Priority country articles were targeted to specific countries of interest, as identified by the foundation, and were not intended to be representative of HPV vaccination survey efforts.

Sampling strategies

We did not identify any peer-reviewed studies focused on sampling approaches for HPV vaccination coverage surveys in LMICs. Experts we interviewed suggested that the sampling strategy and target population should depend on HPV vaccine delivery.13 If the vaccine is delivered through schools, or if school enrolment is high among the target population, then school-based sampling may be appropriate. As noted in WHO’s reference manual for conducting vaccine coverage cluster surveys, the need to sample out-of-school girls depends on whether the survey’s goal is to estimate the success of a school-based delivery strategy or if it is to estimate population-wide coverage.14 Among the multi-country HPV surveys we examined, described more below, sampling strategies varied. USAID’s Demographic and Health Survey (DHS) programme and UNICEF’s Multiple Indicator Cluster Surveys (MICS) sample at the household level, while the WHO’s Global School-Based Student Health Survey (GSHS)15 typically uses multi-staged sampling at the school and classroom levels.15,18

Surveying VYAs versus caregivers

We also did not identify any studies in LMICs that directly compared VYA HPV vaccination reports to their caregiver’s. The closest approximation was a limited DHS pilot with older adolescents conducted as part of national survey in Uganda. The pilot found that adolescents between the ages of 15 and 17 reported vaccination status with greater certainty than mothers of girls aged 9–14, but full results are not publicly available.19 There is also little evidence on survey response validity from HICs, as most research is focused on comparing parent report to administrative data.20,22 One exception is a US-based study in several urban adolescent clinics that found that mothers were slightly more accurate at recalling their daughters’ vaccination status than their 15- to 17-year-old daughters, but it is unclear if these findings would hold among younger adolescents or in countries with school-based vaccination.23 In short, there is no definitive evidence to support asking either the VYA or their caregiver about HPV vaccination coverage. However, in cases where HPV vaccination occurs in school (as is often the case in LMICs), experts agreed it is preferable to ask the adolescent directly, as caregivers may be unaware that their adolescent was vaccinated.

Recall bias

The literature on strategies to reduce recall bias in this context was very limited. Some studies in HICs discussed vaccine recall variation by respondent characteristic (eg, higher recall among mothers than fathers), but few shared specific strategies to improve recall, and in general, may not generalise to LMICs due to differences in vaccine delivery strategies.21 22 Thus, recommendations on reducing recall bias came primarily from experts who stressed the importance of asking about vaccination coverage as soon as possible after vaccination. They noted that providing background information (eg, where on the body the vaccine would have been given, the brand name) may assist with recall, but cautioned against providing too much information to avoid introducing response bias for any knowledge or attitude questions on the survey.

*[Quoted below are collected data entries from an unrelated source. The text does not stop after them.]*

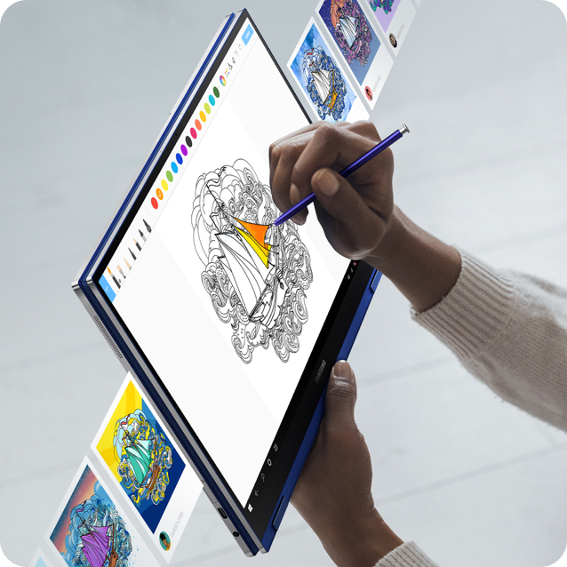 Her bydes der på en maskine med touchskærm og 360 graders hængsel der kan bijobbe som tablet og tegneplade sammen med Samsungs S-pen.
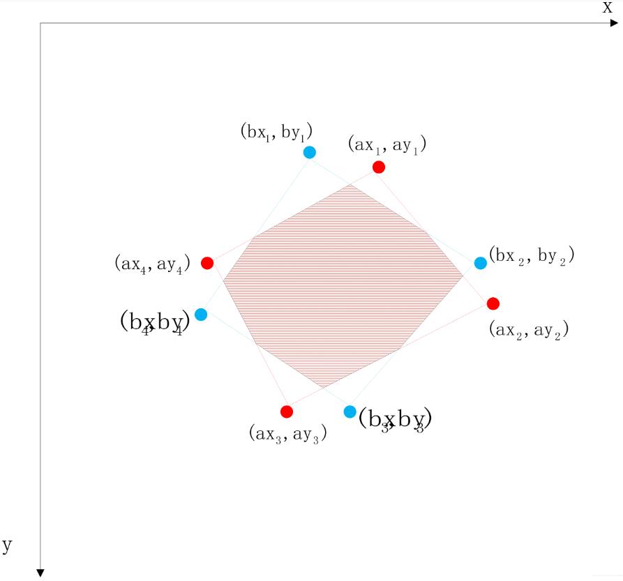 图像的坐标如上图所示,大致的想法就是四个点可以确定四条线,然后进行判断,在红色区域中则为面积中的一个像素,否则不在。先求四条线的斜率
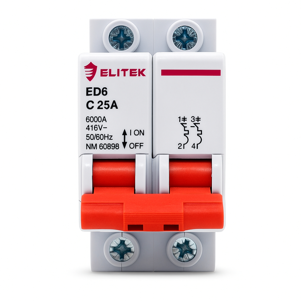 Disjuntor Bipolar Duplo Bifasico 2 Polos16a, 20a, 25a, 32a, 40a, 50a, 63a, Din ED6 Elitek
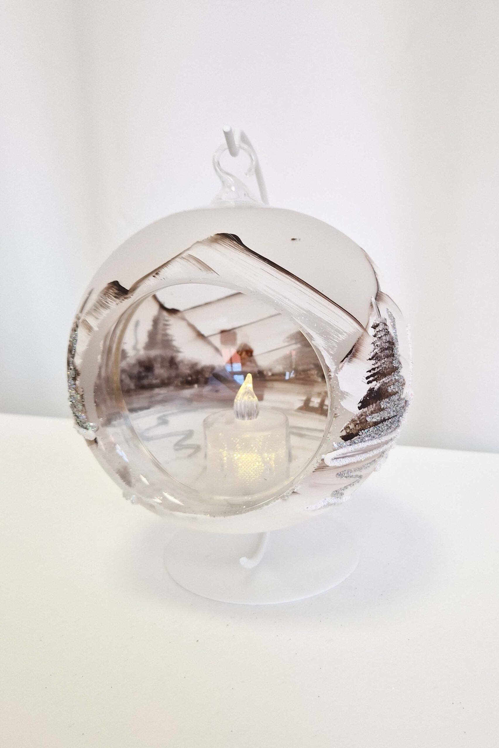 Bombka została zaprojektowana z wycięciem, które umożliwia umieszczenie wewnątrz świeczki tealight – zarówno klasycznej, jak i LED. Po zapaleniu świeczki, zimowy pejzaż rozświetla się ciepłym, przytulnym blaskiem, który nadaje wnętrzu nastrojowego charakteru podczas zimowych wieczorów. Dzięki tej funkcji, bombka nie tylko pięknie wygląda, ale także wprowadza wyjątkowy klimat do każdego pomieszczenia.
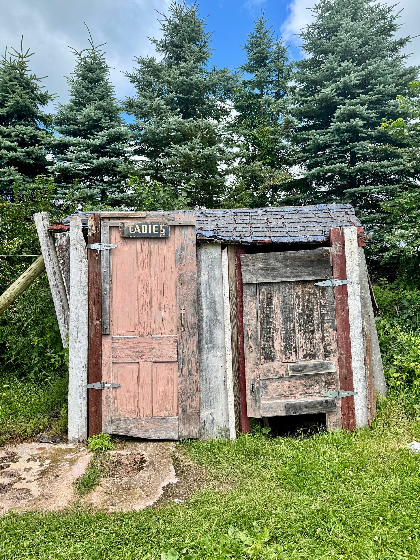 Relenting my interrogation, I scuffed around in painful silence, eyeing the shelves cluttered with burnt-out lightbulbs, ancient tins of cashews, and dozens of yellowed newspapers reporting decades of losses of the Minnesota Vikings, to which Bud had added his own handwritten captions (“CRY-BABY QUEENS,” “CHOKE AGAIN 2017,” “MORE CRYING 2018”). Reviews had stressed that the bathroom should at all costs be avoided, but it was an hour back to Hayward with no rest stops in sight. Out the back and towards the woods, I strode grimly towards the wooden assemblage leaning at an obtuse angle, which unavoidably appeared to be the women’s outhouse. (There is no men’s outhouse at the Plywood Palace; instead, fellas drop trou and commune with the great outdoors.) Inside the dark and tilted hutch was a scene from a horror movie, cobwebbed and swarmed with flies, with an aroma best left to your imagination. Back inside, a new arrival was tormenting Bud with questions. I headed out on Highway G, glad to have come and gladder to leave.
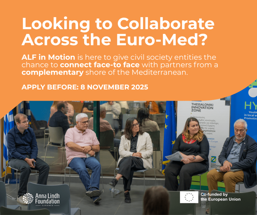 ALF in Motion gives intercultural dialogue civil society entities the chance to connect face-to face with partners from a complementary shore of the Mediterranean. ALF in Motion provides financial support to cover mobility costs. Through this programme, entities can choose to develop projects with new partners, bring an expert to their existing event, co-create art or produce new knowledge. In this programme, we introduce four distinct modalities.
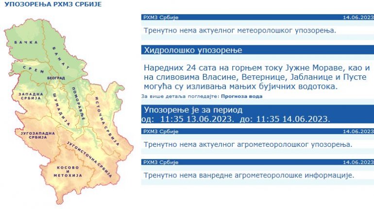 - Наредна 24 сата на горњем току Јужне Мораве, као и на сливовима Власине, Ветернице, Јабланице и Пусте могућа су изливања мањих бујичних водотока - наводи се на сајту РХМЗ-а.
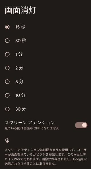 設定は、「設定」アプリの「ディスプレイ」にある「画面消灯」で行う。この中の「スクリーンアテンション」をオンにすると、設定が有効になる。ただし、撮影していない場合でも、自動的に前面のカメラがオンになるため、消費電力が増えてしまう点には注意が必要だ。処理は端末内で完結するため、顔写真が勝手に外部に送信されてしまう心配はない。
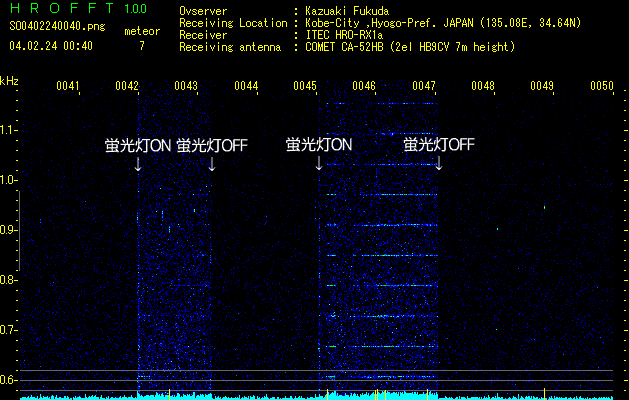 こちらは部屋の蛍光灯のノイズです。電源をONにした瞬間、雷と同じような縦一線のノイズが入ります。スピーカーをつけていても「ザザッ」と雷のような音が聞こえます。蛍光灯がつくときは放電現象が起きていますから、似ているのは当たり前ですね。0045〜0047の間は、縞模様が出ています。縞と縞の間隔は60Hzで、なにやら電力に関係したものだと伺えます。

Landscape of HPV coverage surveys

Prevalence of national coverage surveys

As of summer 2024, there were 41 LMICs that included the HPV vaccine in their immunisation schedule, either at the national or sub-national level.7 Of these 41, we found evidence that 16 countries had planned or completed at least one coverage survey, 6 of which were at the national level. All 6 used HPV modules within existing multi-country survey platforms. Another 6 of the 14 had national coverage surveys planned for 2024 or 2025. The remaining 4 countries conducted sub-national surveys, typically as one-time research, rather than government-led measurement efforts. Of the 25 countries that had not conducted coverage surveys, 5 only added the HPV vaccine to their national schedule in 2023.

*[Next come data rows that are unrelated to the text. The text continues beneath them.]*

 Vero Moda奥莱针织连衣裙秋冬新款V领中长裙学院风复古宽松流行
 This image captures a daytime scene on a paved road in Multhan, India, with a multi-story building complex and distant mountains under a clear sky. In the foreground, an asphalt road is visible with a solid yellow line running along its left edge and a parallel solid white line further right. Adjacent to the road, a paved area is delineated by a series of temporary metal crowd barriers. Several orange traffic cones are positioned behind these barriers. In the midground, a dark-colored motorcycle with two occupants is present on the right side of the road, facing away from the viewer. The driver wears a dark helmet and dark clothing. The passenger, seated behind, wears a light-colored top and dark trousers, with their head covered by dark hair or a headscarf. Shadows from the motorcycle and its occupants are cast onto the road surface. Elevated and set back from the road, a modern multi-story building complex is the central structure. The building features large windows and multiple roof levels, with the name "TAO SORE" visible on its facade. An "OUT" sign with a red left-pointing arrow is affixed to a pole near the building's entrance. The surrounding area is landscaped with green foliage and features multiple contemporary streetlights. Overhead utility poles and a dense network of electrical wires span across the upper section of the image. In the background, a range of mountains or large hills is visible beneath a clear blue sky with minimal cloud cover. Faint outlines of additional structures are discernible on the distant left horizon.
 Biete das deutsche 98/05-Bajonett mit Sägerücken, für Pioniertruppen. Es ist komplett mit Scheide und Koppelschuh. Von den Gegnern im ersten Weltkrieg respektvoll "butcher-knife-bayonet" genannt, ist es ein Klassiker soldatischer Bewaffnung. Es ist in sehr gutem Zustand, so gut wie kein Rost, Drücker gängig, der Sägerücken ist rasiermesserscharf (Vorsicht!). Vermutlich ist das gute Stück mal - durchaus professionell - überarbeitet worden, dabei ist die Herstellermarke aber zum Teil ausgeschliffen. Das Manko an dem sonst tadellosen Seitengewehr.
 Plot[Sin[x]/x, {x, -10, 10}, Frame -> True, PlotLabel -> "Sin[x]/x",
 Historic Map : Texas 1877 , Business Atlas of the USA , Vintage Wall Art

For completeness, we also examined HPV vaccination coverage surveys in HICs and found none that surveyed VYAs directly to produce coverage estimates, instead relying on caregiver report or a combination of caregiver report and administrative data.

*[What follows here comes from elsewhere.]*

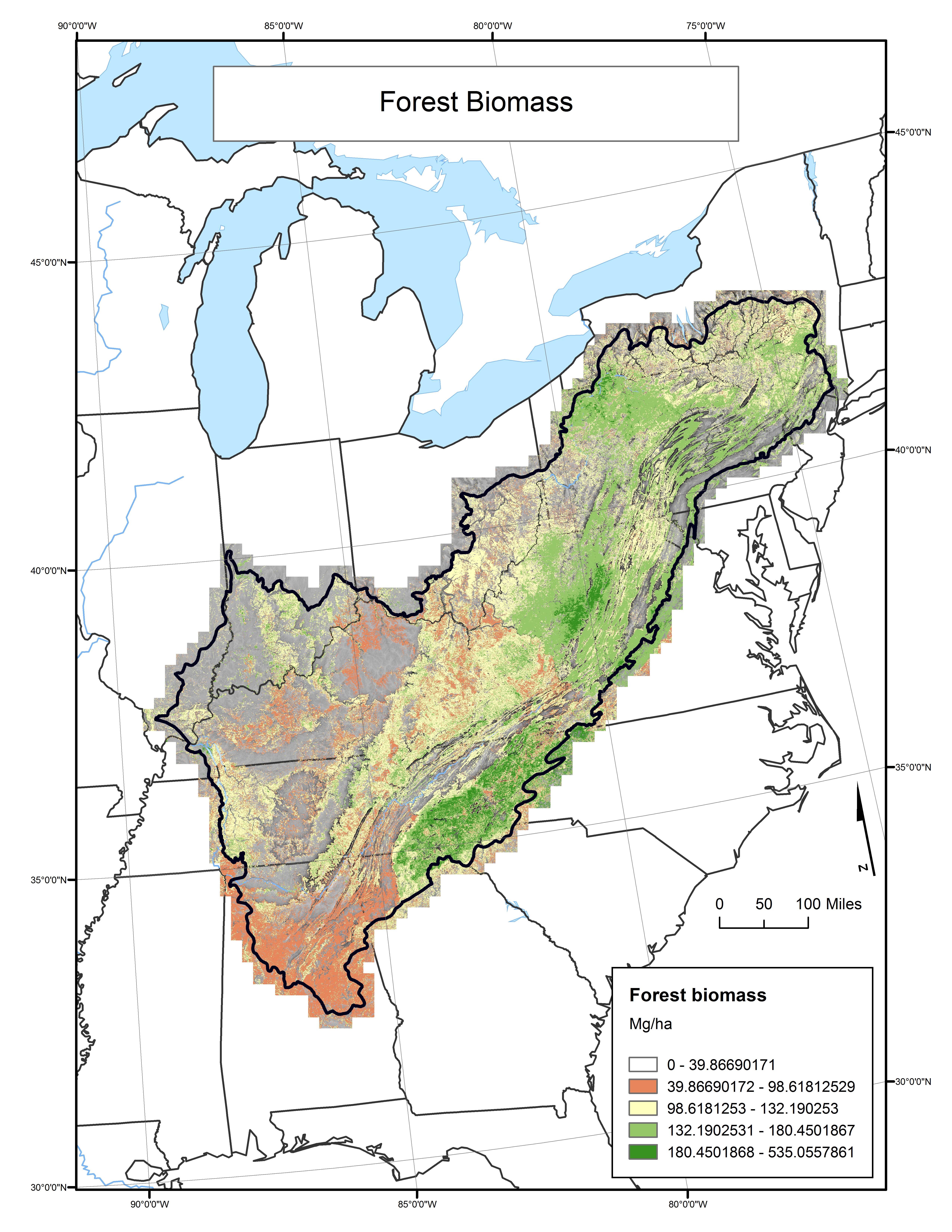 Forest biomass at the 1 kilometer scale throughout the Appalachian LCC region.

Multi-country survey efforts

In this landscape review, we identified four multi-country survey efforts in LMICs that include questions about HPV vaccination status. The two largest surveys, DHS and MICS, collect nationally representative data on a wide range of population metrics using household surveys. They are implemented similarly, with base questionnaires that are administered consistently in participating countries and a series of optional modules. Both DHS and MICS have recently added modules on HPV vaccination. DHS piloted this module in 2021 to add to DHS-8 and MICS added it to MICS-7 in 2023.19 24 These modules are very similar, with both asking 15- to 17-year-old girls if they have received the HPV vaccine, the number of doses received, type of facility where they were administered the vaccine and if they were given a vaccine card.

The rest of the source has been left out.